Start of Stored data
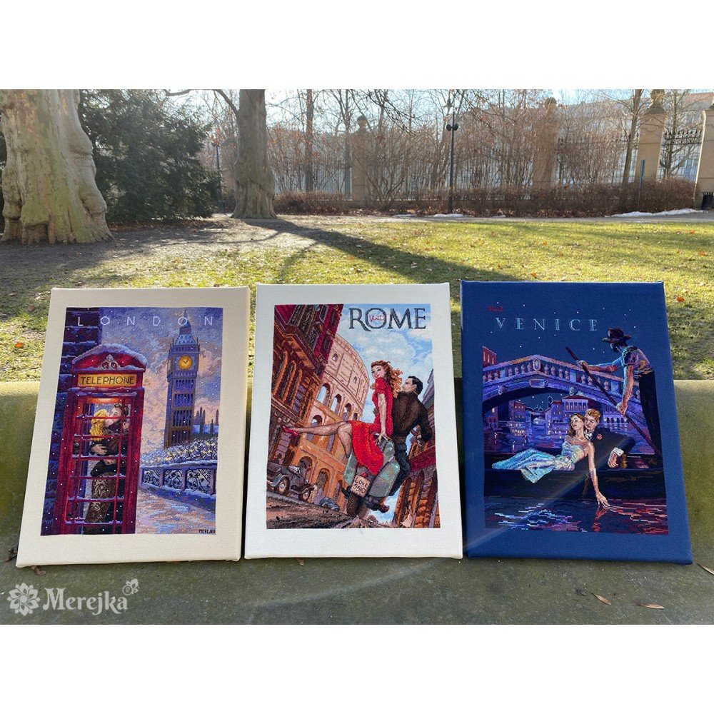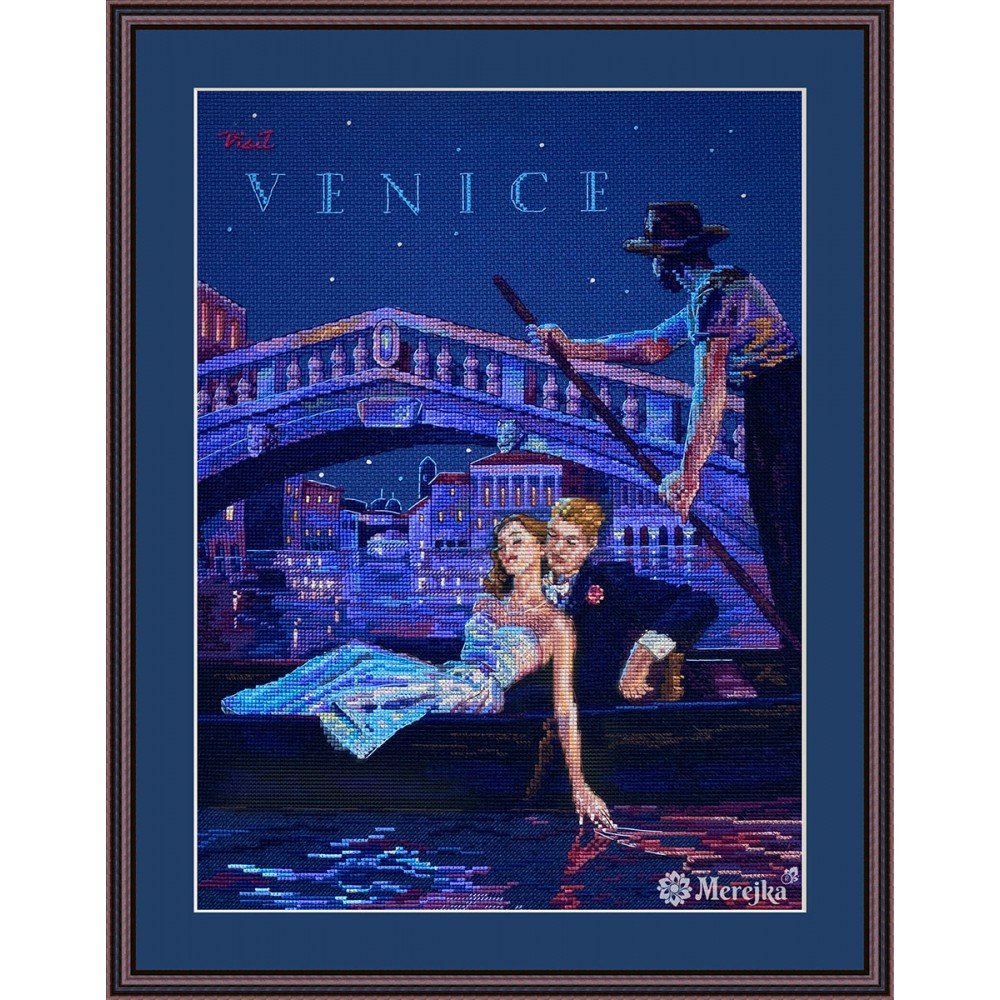 El kit incluye: tela Zweigart Aida 16ct. azul noche, hilos DMC mouline 33 colores, aguja, gráfico. Tamaño final: 33x24.5cm/12.99x9.65". Marco no incluido
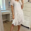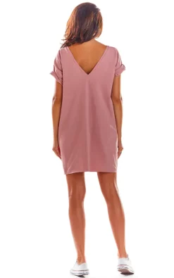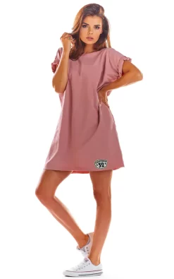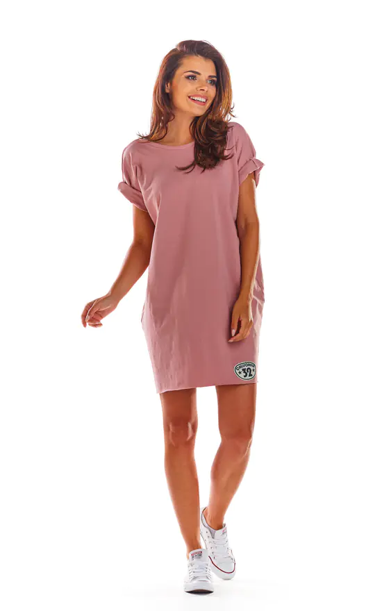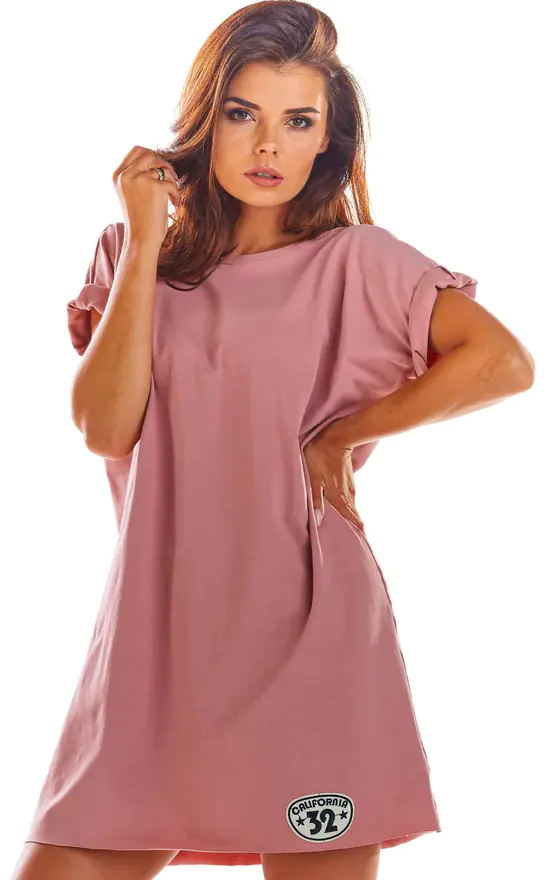Loose mini dress with short sleeves, made of pleasant fabric.
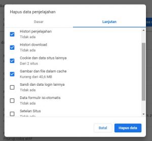 Selanjutnya anda bisa mencentang beberapa riwayat yang ingin anda hapus dari browser dan kemudian pilih bersihkan data.
End of Stored data
Directions:
A word-for-word copy of the listing is needed, with no pictures in it.

Solution to the exercise:
 El kit incluye: tela Zweigart Aida 16ct. azul noche, hilos DMC mouline 33 colores, aguja, gráfico. Tamaño final: 33x24.5cm/12.99x9.65". Marco no incluido
Loose mini dress with short sleeves, made of pleasant fabric.
 Selanjutnya anda bisa mencentang beberapa riwayat yang ingin anda hapus dari browser dan kemudian pilih bersihkan data.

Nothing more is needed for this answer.